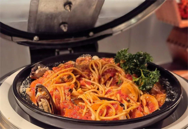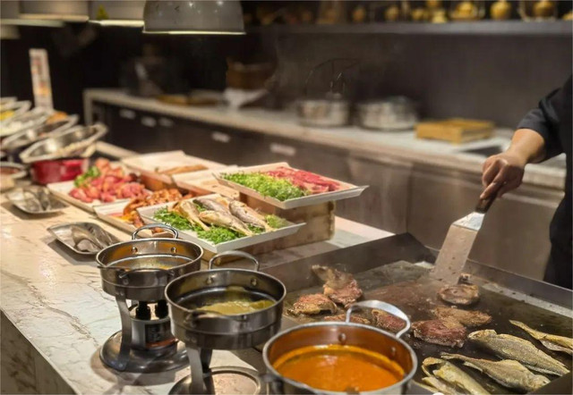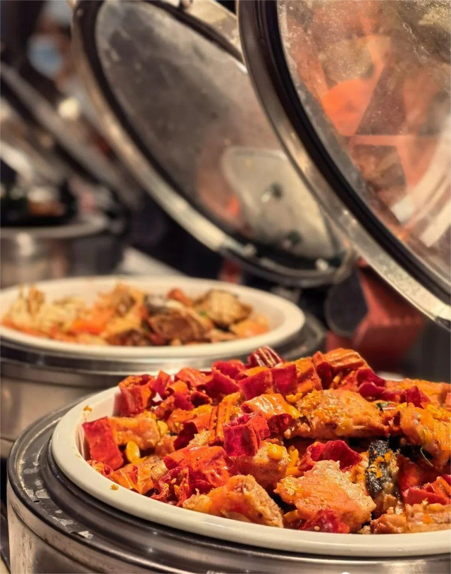 现烤的牛排、小黄鱼和各种肉肉,现包的烤鸭卷……都还蛮好吃的。
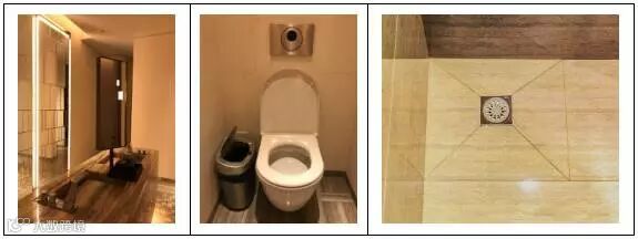 卫生间灯光绚丽,便捷舒适;洁具居中对称;地漏套割精细。
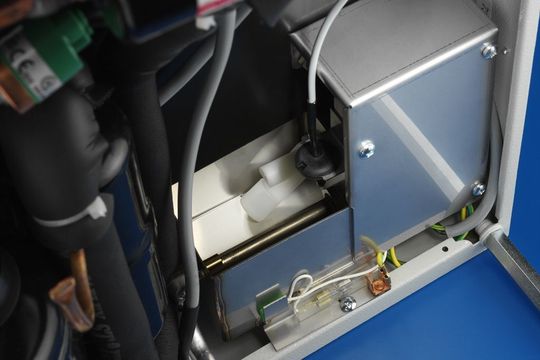 Automatische Kondensatverdampfer ermöglichen die Entsorgung von mehreren Litern Wasser am Tag, was bei einem korrekt abgedichteten Schrank und unter normalen Betriebsbedingungen vollständig ausreicht. Zur Sicherstellung einer Kondensatabführung im Störungsfall oder bei erhöhtem Wasseranfall ist ein Sicherheitsüberlauf vorhanden.
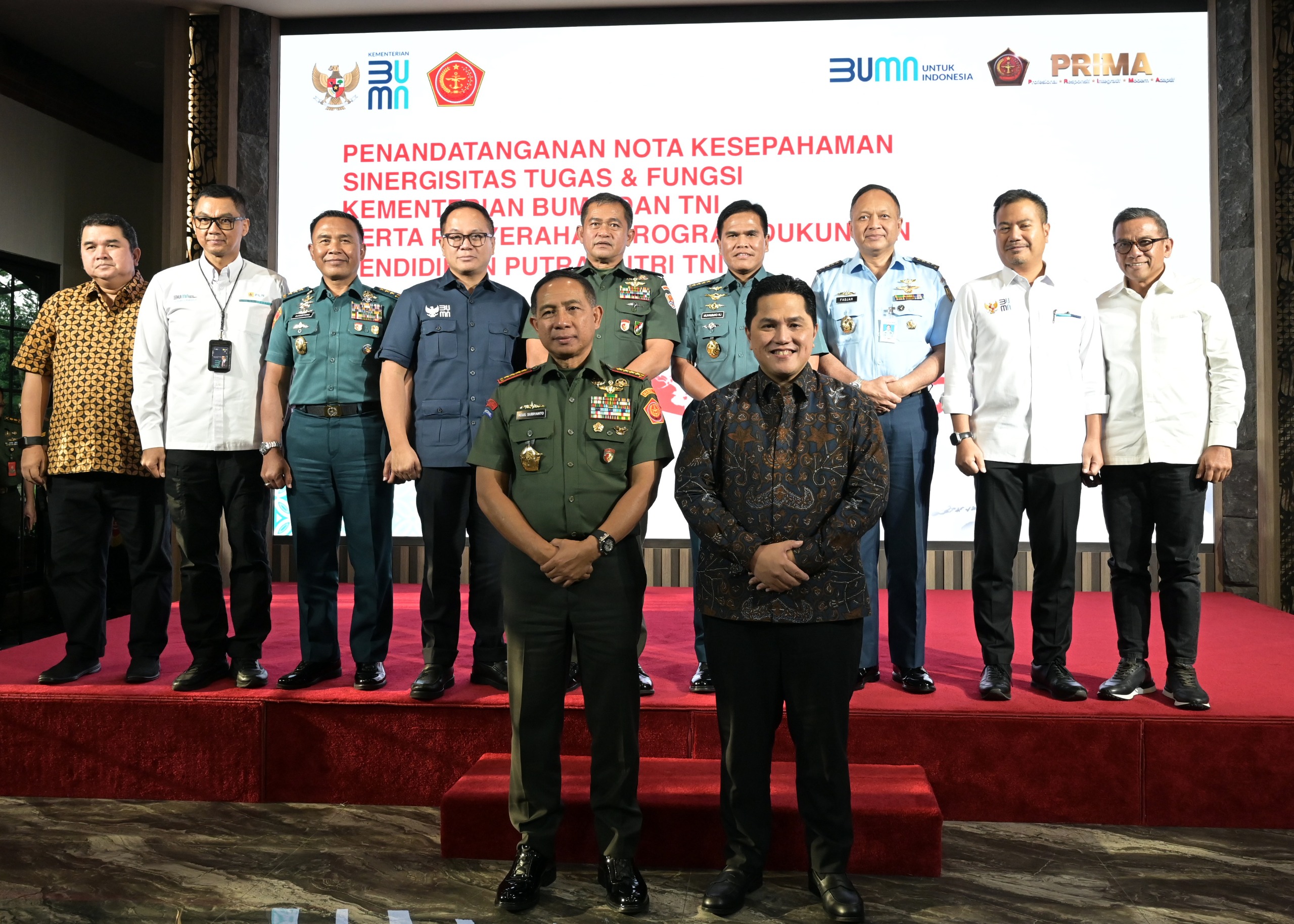 Penandatanganan nota kesepahaman sinergitas tersebut dilakukan oleh Menteri BUMN Erick Thohir dan Panglima TNI Jenderal Agus Subiyanto di Rumah Dinas Panglima TNI, Jakarta pada Senin (25/03).
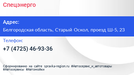 Спецэнерго по адресу Белгородская область, Старый Оскол, проезд Ш-5, 23 в дальнейшем Организация, размещена в следующих категориях:

YOUR GOAL | No pictures belong in the copy. Return exactly the lines from the line containing "Penandatanganan nota kesepahaman" through the last line of the listing.

ANSWER BELOW |
 Penandatanganan nota kesepahaman sinergitas tersebut dilakukan oleh Menteri BUMN Erick Thohir dan Panglima TNI Jenderal Agus Subiyanto di Rumah Dinas Panglima TNI, Jakarta pada Senin (25/03).
 Спецэнерго по адресу Белгородская область, Старый Оскол, проезд Ш-5, 23 в дальнейшем Организация, размещена в следующих категориях:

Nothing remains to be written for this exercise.